WHAT TO WORK ON: Only what runs from the line with "过去半个世纪里,全球官方黄金" to the end of the data should appear in the answer, exactly as written and without pictures.

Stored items
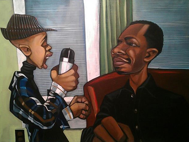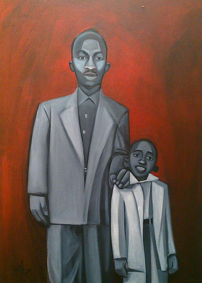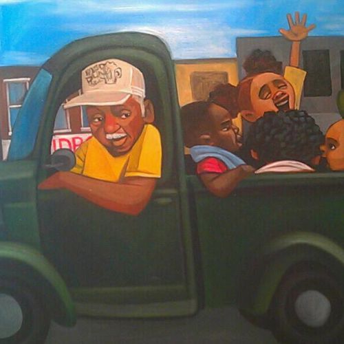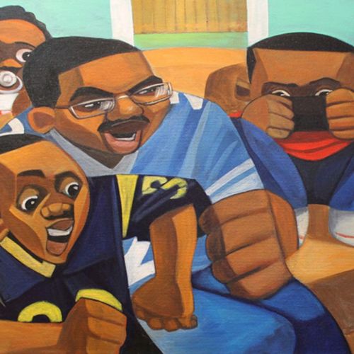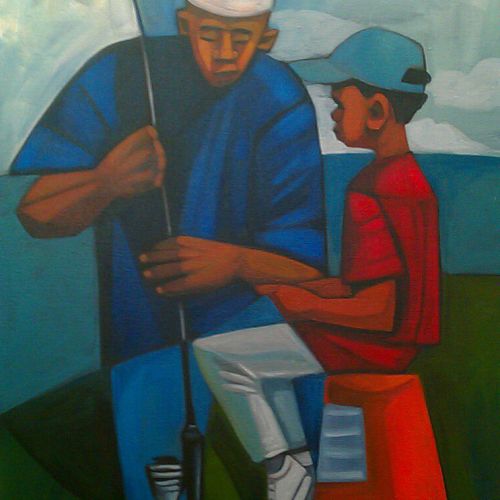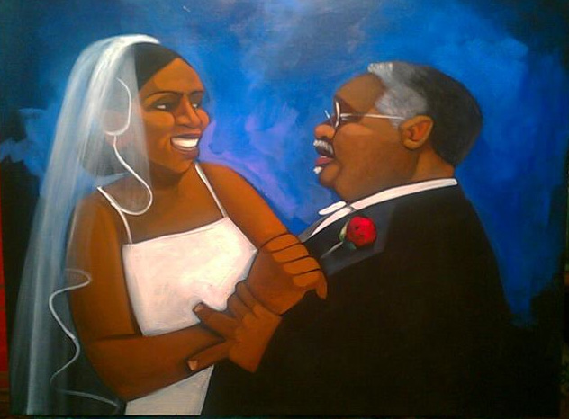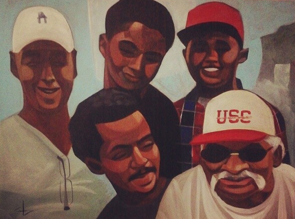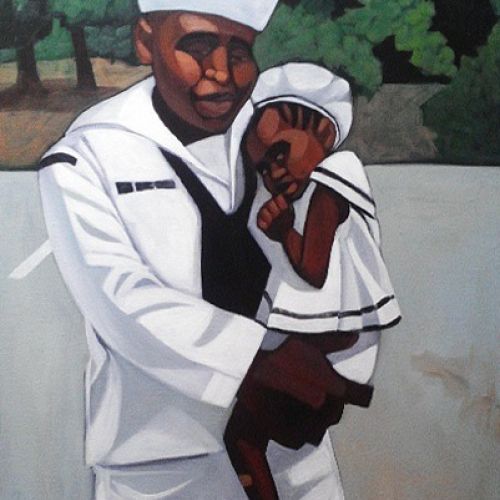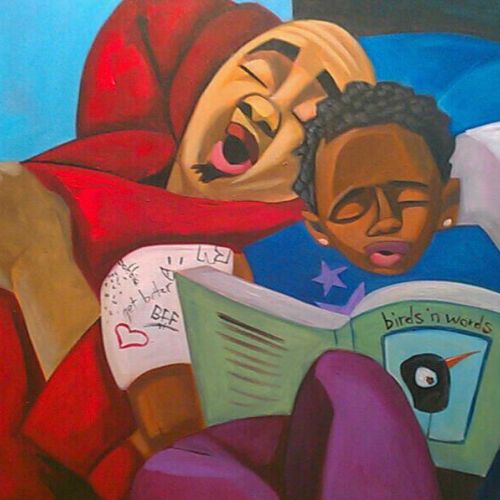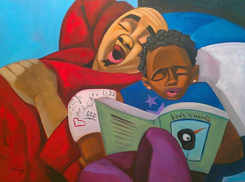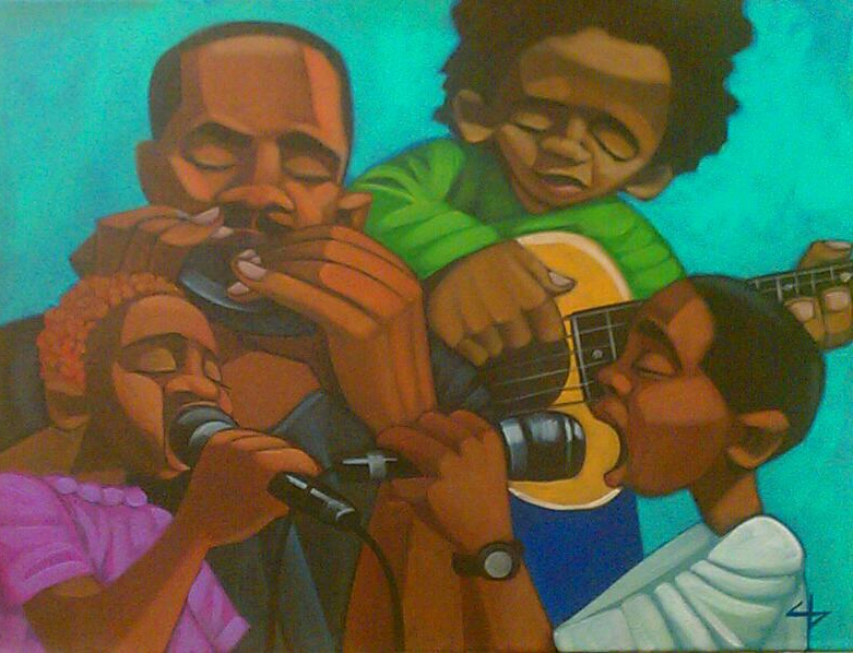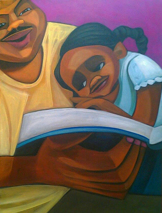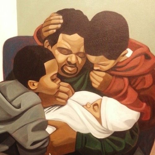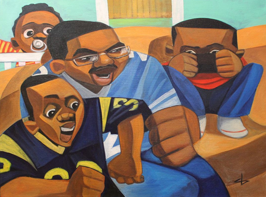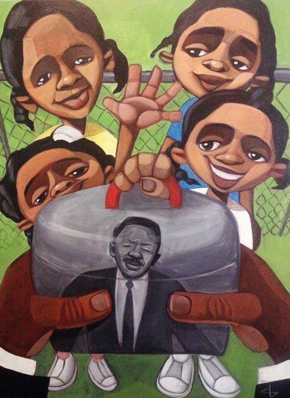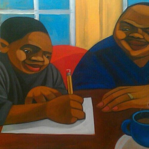 Bayoc’s 2012 painting series, “365 Days with Dad,” reflects a positive image of black fatherhood. Following that series, Bayoc wrote a book titled “When I Become Dad,” which he describes as “a few images and words of encouragement for our youth to think about when that magical day comes when they themselves become someone's "daddy." Especially those that have not had the best of examples. Please place this in the hands of as many young (and not so young) men as you possibly can.
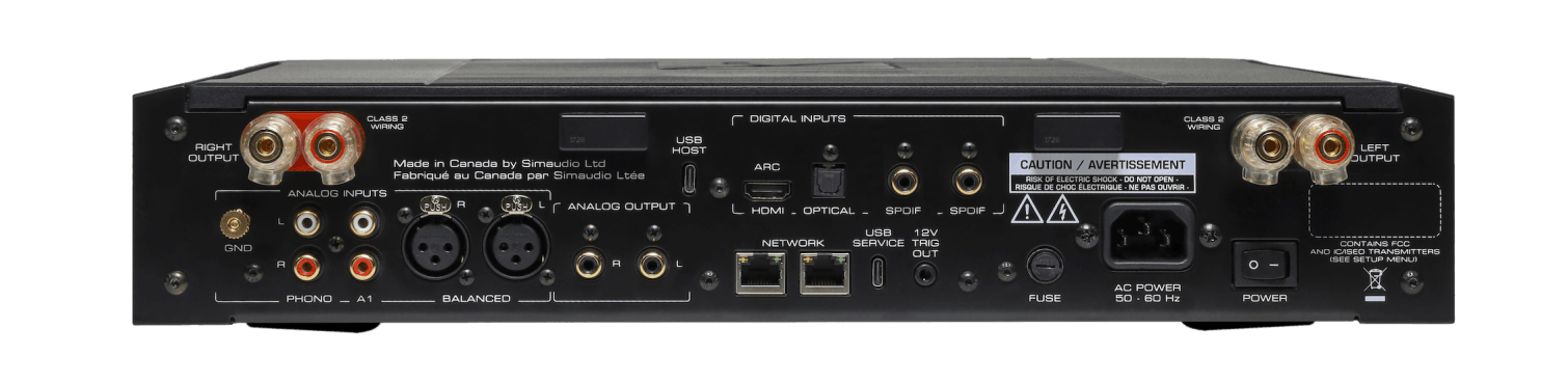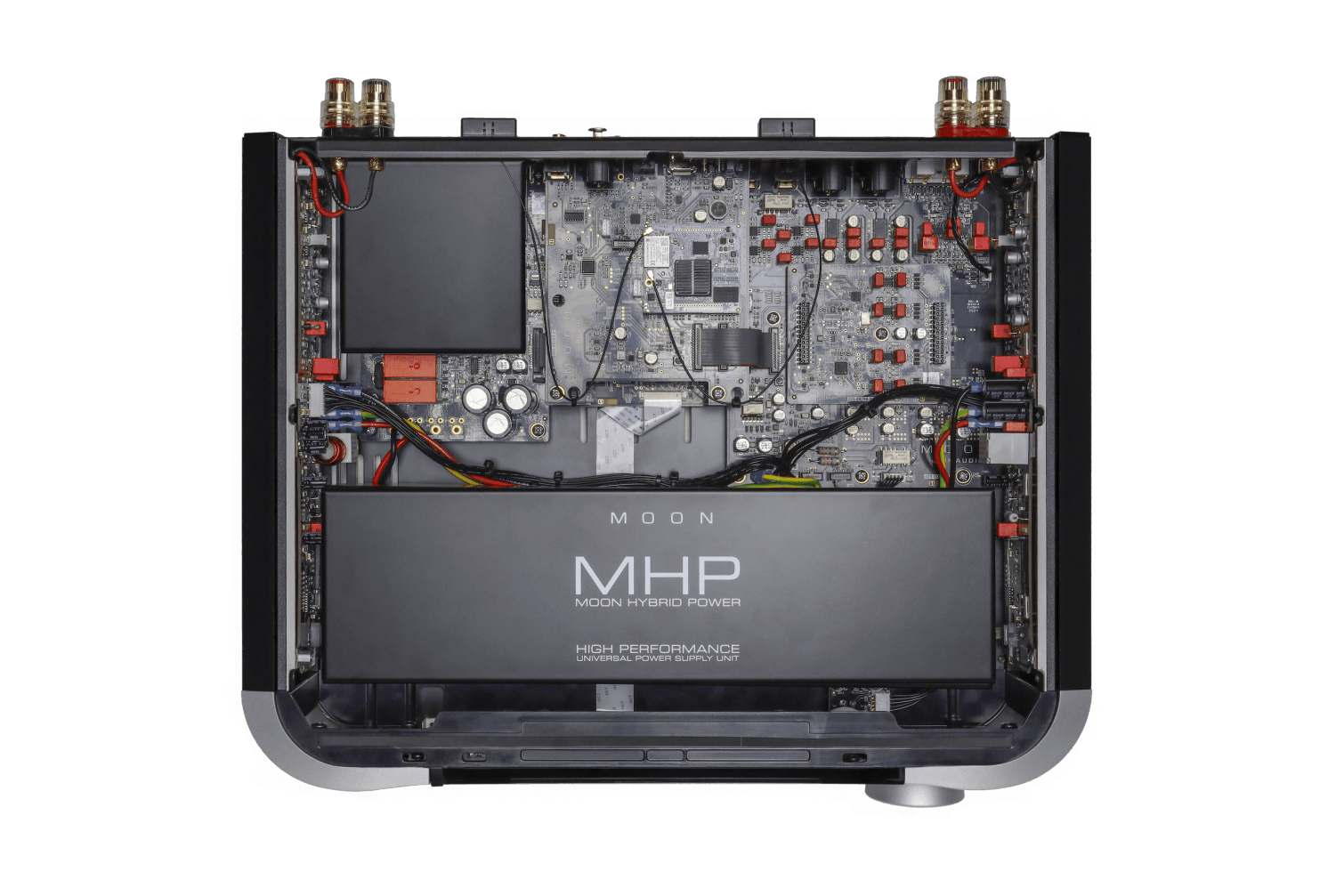 Digitaal heeft de versterker een HDMI ARC, optisch Toslink in en twee coaxiale S/PDIF ingangen. Tenslotte zijn er twee USB-C poorten, een trigger aansluiting en twee RJ45 aansluitingen toegevoegd voor een vaste netwerkconnectie en MOONLink. Deze laatstgenoemde is een merkeigen communicatiesysteem waarmee de verschillende MOON-componenten zoals netwerkspelers, voor- en eindversterkers via een RJ-45 netwerkkabel met elkaar kunnen communiceren. Functies als stand-by, volumeregeling, inputselectie en display instellingen worden voor alle gekoppelde apparaten centraal via MOONLink geregeld. Bovendien maakt MOONLink het mogelijk om firmware-updates en systeeminstellingen voor alle gelinkte apparaten gelijktijdig door te voeren.
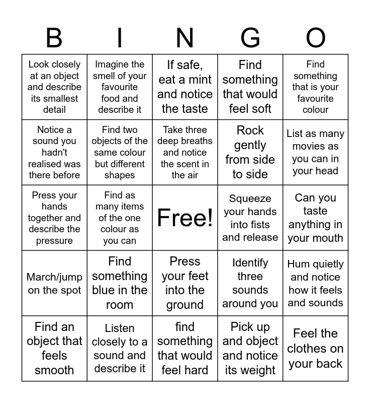 This bingo card has a free space and 24 words: Find something blue in the room, Listen closely to a sound and describe it, Take three deep breaths and notice the scent in the air, Find an object that feels smooth, Find something that is your favourite colour, Look closely at an object and describe its smallest detail, Notice a sound you hadn't realised was there before, Imagine the smell of your favourite food and describe it, Squeeze your hands into fists and release, Press your feet into the ground, Rock gently from side to side, Press your hands together and describe the pressure, Identify three sounds around you, Hum quietly and notice how it feels and sounds, Find two objects of the same colour but different shapes, Pick up and object and notice its weight, Can you taste anything in your mouth, If safe, eat a mint and notice the taste, List as many movies as you can in your head, Find as many items of the one colour as you can, Feel the clothes on your back, March/jump on the spot, Find something that would feel soft and find something that would feel hard.
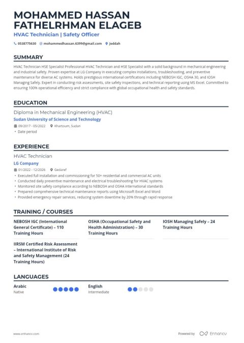 ابحث عن عمل في مجال السلامة حاصل على شهادة NEBOSH IGC وOSHA STANDARDS وIOSH MANAGING SAFELY أو مشرف عمال حاصل على دبلوم ميكانيكا تبريد وتكييف إقامة سارية
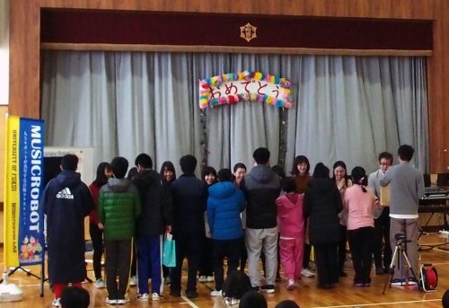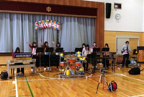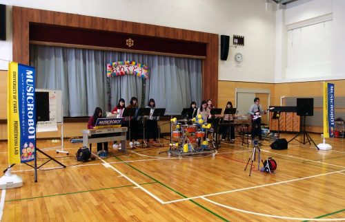 当研究室で開発した打楽器演奏ロボットIROPS-3号機を使ったミニライブで、教育学部音楽科の在学生とのコラボユニットにより行いました。アドバイザーとして福井大学教育学部の声楽家 梅村憲子先生に歌唱や全体のバランス調整などをご指導いただきました。また、天方教頭先生には音響ミキサーのコントロールをしていただきました。
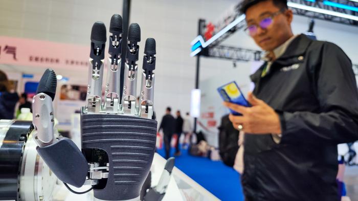 3月18日,天津,观众参观灵巧手机器人设备。中新社记者 佟郁 摄
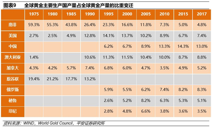 过去半个世纪里,全球官方黄金储备总额稳定在3万吨左右,但官方黄金储备的分布结构却发生了明显的变化。从官方黄金储备的分布结构看,美国、德国、意大利、法国、荷兰、葡萄牙等老牌资本主义强国持有大量的官方黄金储备,黄金储备占国际储备的比率均高于60%;相较之下,俄罗斯、中国、瑞士、日本等国家虽然也持有较大规模的黄金储备,但黄金储备占官方储备的比重较低,中国与日本的比重仅为2.4%与2.5%,印度黄金储备占官方储备的比重也仅为6.2%,与老牌资本主义强国的差距显著。在新兴市场黄金储备占国际储备总额的比重过低的情况下,未来新兴市场将持续提升黄金储备占官方储备的比重,这也是黄金价格值得长期看好的一大理由。
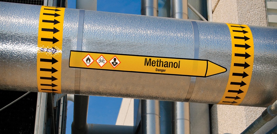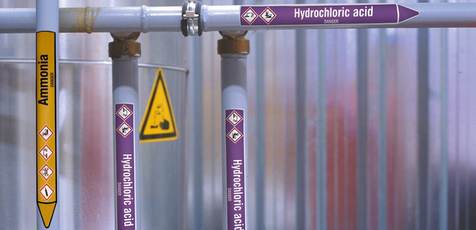 - Display of: substance name, flow direction, hazard symbol and in the correct colour of the medium.

FINISHED TASK:
 过去半个世纪里,全球官方黄金储备总额稳定在3万吨左右,但官方黄金储备的分布结构却发生了明显的变化。从官方黄金储备的分布结构看,美国、德国、意大利、法国、荷兰、葡萄牙等老牌资本主义强国持有大量的官方黄金储备,黄金储备占国际储备的比率均高于60%;相较之下,俄罗斯、中国、瑞士、日本等国家虽然也持有较大规模的黄金储备,但黄金储备占官方储备的比重较低,中国与日本的比重仅为2.4%与2.5%,印度黄金储备占官方储备的比重也仅为6.2%,与老牌资本主义强国的差距显著。在新兴市场黄金储备占国际储备总额的比重过低的情况下,未来新兴市场将持续提升黄金储备占官方储备的比重,这也是黄金价格值得长期看好的一大理由。
 - Display of: substance name, flow direction, hazard symbol and in the correct colour of the medium.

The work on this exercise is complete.